Slam, spoken word, etc.
La carcasse de Grand Corps Malade est désormais habituée des plateaux télé, des grandes salles, et son disque se vend bien.
Il en fallait bien un, le slam est devenu suffisamment bien implanté en France pour qu’un de ses représentants accède aux projecteurs. En un sens le slam n’a pourtant rien de nouveau, et les textes scandés ont une histoire déjà longue sous différentes appellations. Mais ça ne perce que maintenant.
Le slam, c’est de la poésie. Tout simplement. La seule différence avec le rapport traditionnel à la poésie est que le texte est ici prononcé, voire scandé, le slam est par définition oral là où l’on a plus l’habitude que les poèmes imposent uen relation à l’écrit. Il va de soi que ces textes sont écrits, même si l’improvisation peut exister, lorgnant alors sur le freestyle des rappeurs.
L’album de Grand Corps Malade contient des accompagnements musicaux, mais le slam peut s’en passer. Pourquoi ne pa dire “poésie”? A cause de l’oral, déjà, mais je suppose que “poésie” ramène généralement le public à ces trucs barbants qu’on devait apprendre par coeur en CM2. La poésie, c’est ringue, ça pue le vieux, alors que le slam, c’est cool, c’est frais, et ça tisse des iens avec le monde du hiphop.
Honnètement, je suis pas fan. Je suis trop attaché à la musicalité des textes littéraires pour apprécier une scansion mollassone ou inexpressive. Simple question de goût, j’apprécie la démarche mais le résultat, souvent moins. Pourtant j’ai du spoken word.
Le spoken word c’est grosso modo du slam, en dehors du nom ce qui change est que c’est plus ancien. Ca part des poètes beat jusqu’à des artistes noirs des 70s comme Gil Scott-Heron ou les Last Poets. Un jour le disquaire de L’oeil du silence m’a conseillé Lawrence Ferlinghetti. C’est un poète beat qui écrit lui-même les musiques qui l’accompagnent, et qui a survécu aux années 70 sans baisser les bras. Je savais que William Burroughs et Allen Ginsburg avaient fait des disques, ce que je trouvais curieux. J’étais simplement ignorant. Ferlinghetti a une belle voix pleine, et maîtrise son art. Mais je n’écouterais pas ça tous les jours.

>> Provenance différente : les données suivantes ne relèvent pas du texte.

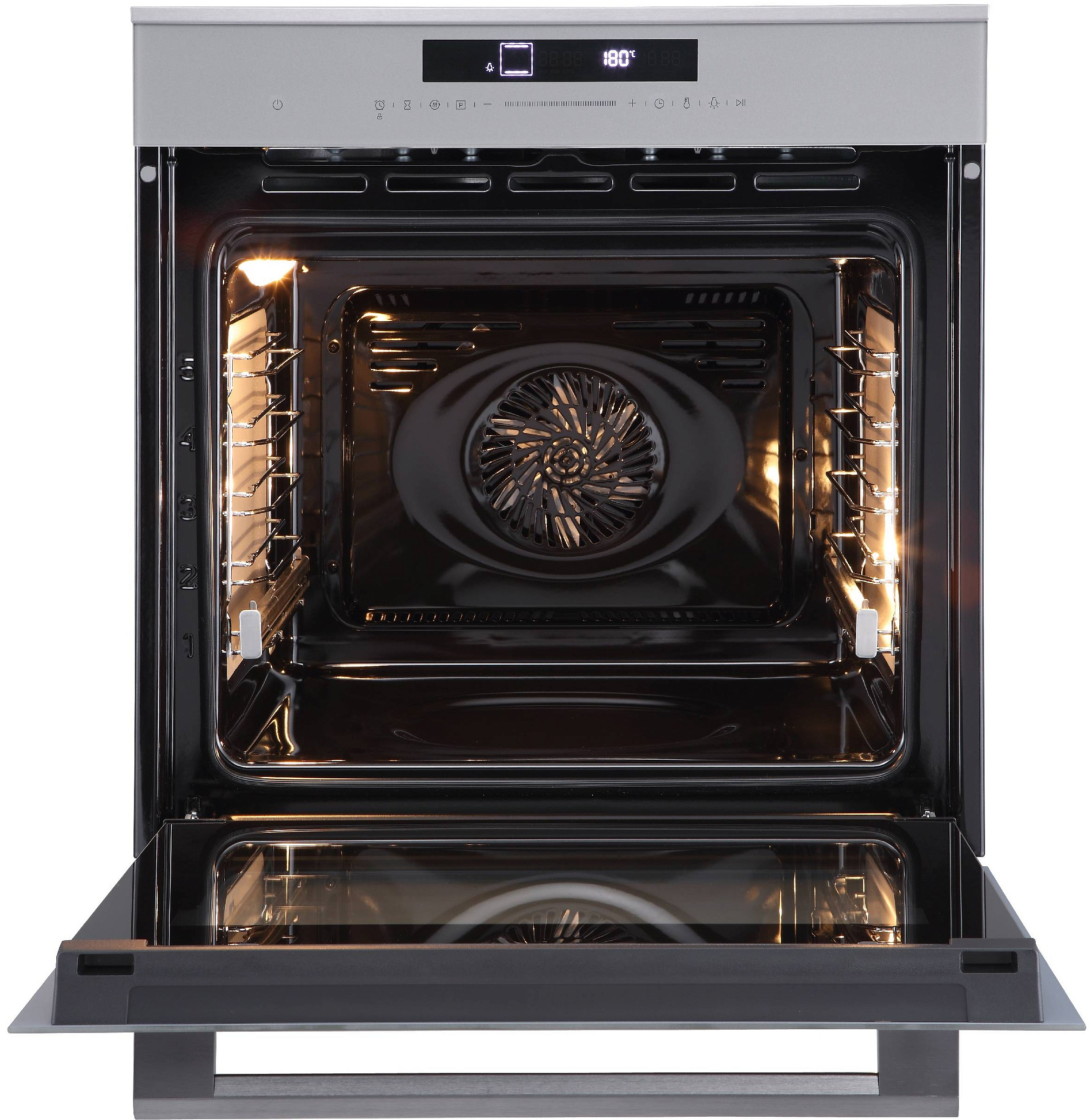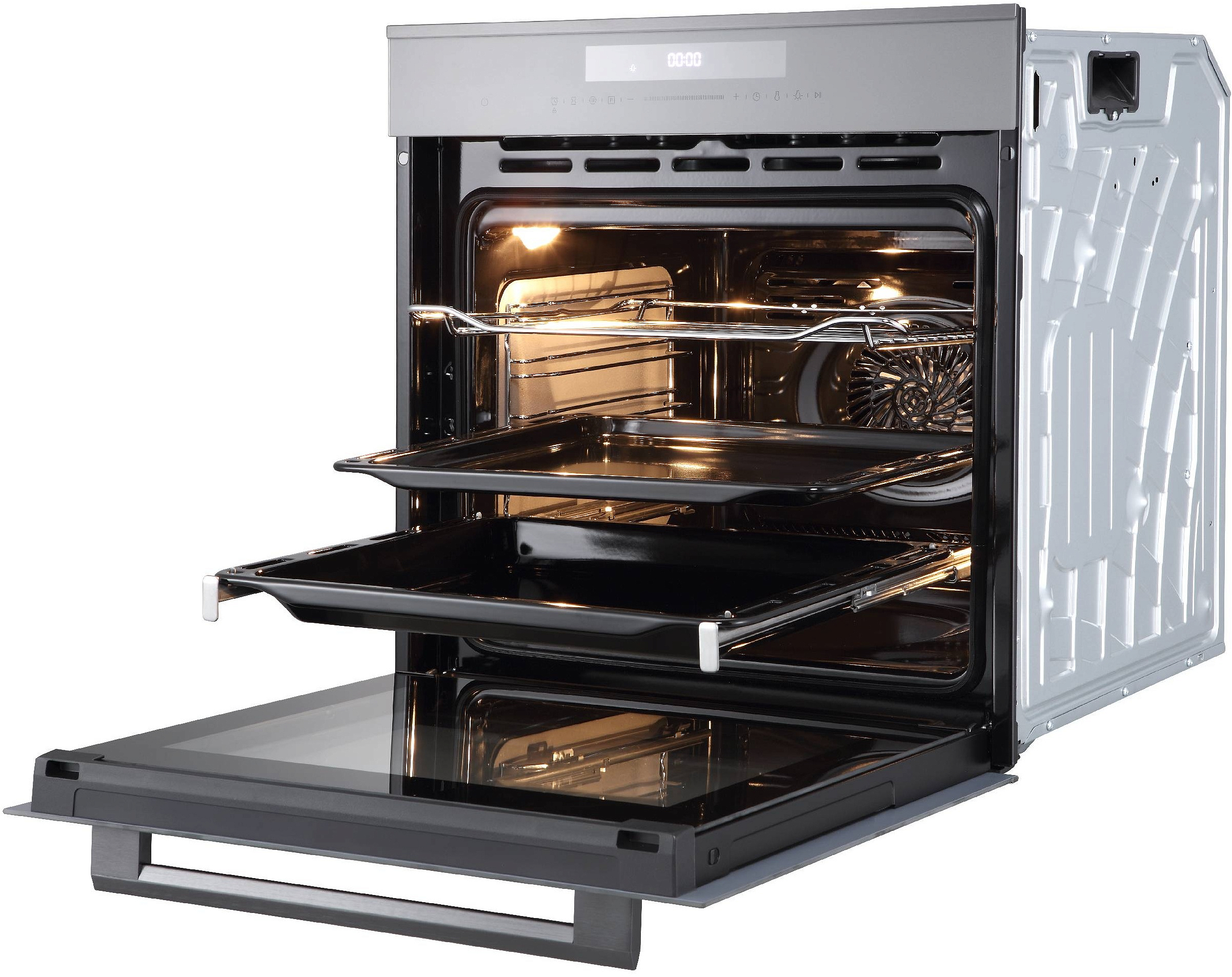 Универсальная рабочая камера объёмом 72 литра предлагает много места для больших блюд и нескольких противней одновременно, а компактные внешние габариты 59,5×59,5×56,5 см вписываются в стандартную нишу 60×56×55 см для встраивания. Телескопические направляющие на одном уровне позволяют легко вынимать тяжёлые противни, а глубокий противень и хромированная решётка входят в комплект, обеспечивая готовность к любым сценариям запекания. Доводчик дверцы добавляет удобства при частом использовании — мягкое и бесшумное закрытие предотвращает вибрации и повышает безопасность.

Poésie et musique donnent lieu à des succès mitigés, si j’en crois la réputation confidentielle de Lou Reed comme auteur. 2 des plus grands chanteurs de leur génération étaient d’abord écrivains avant d’accompagner leurs textes par de la musique. Le canadien Leonard Cohen, excusez du peu, et Gil Scott-Heron dont le premier album est encore quasiment du spoken word. Ca claque, si ce mot n’était asocié aux rappeurs on dirait qu’il a du flow, a sacré wow de flow. Si the bottle est son tube disco-funk le plus connu (une triste histoire de poivrot, mais surtout une parabole du ghetto), son premier titre marquant fut The revolution will not be televised : “You will not be able to plug in, turn on and cop out, because the revolution will be live”. Morceau splendide et brûlot activiste de première bourre. On trouve ce titre sur ses compils mais aussi sur ses 2 premiers albums, notamment le fabuleux Pieces of a man. Cohen et Scott-Heron ont deux univers très différents, mais pour moi ils incarnent tous les 2 le moment où la poésie cesse d’être cantonnée au milieu beat underground et accède au grand public.
Difficile de ne pas voir de filiation entre les Last Poets (et leurs rythmiques osbédantes) et Gil Scott-Heron d’un côté, et les premiers rappers américains qui s’accompagnaient avec le même type de musique, soul-funk. (D’aileurs Iam et NTM ont utilisé Marvin Gaye sur certains de leurs tout premiers titres). Précision utile : Scott-Heron et les Last Poets sont noirs, on peut dnc dire qu’avec eux la poésie cesse d’être un art de Blancs.
J’ai un peu l’impression d’une régression, on abandonne le rap commercial à des types sans textes, ou qui phrasent de manière inintéressante, tandis que le slam mise tout sur le texte alors qu’une représentation en public demande un peu plus que le texte. Il serait dommage que le slam devienne la caution culturelle d’un rap qui n’aurait plus à faire d’effort sur les textes.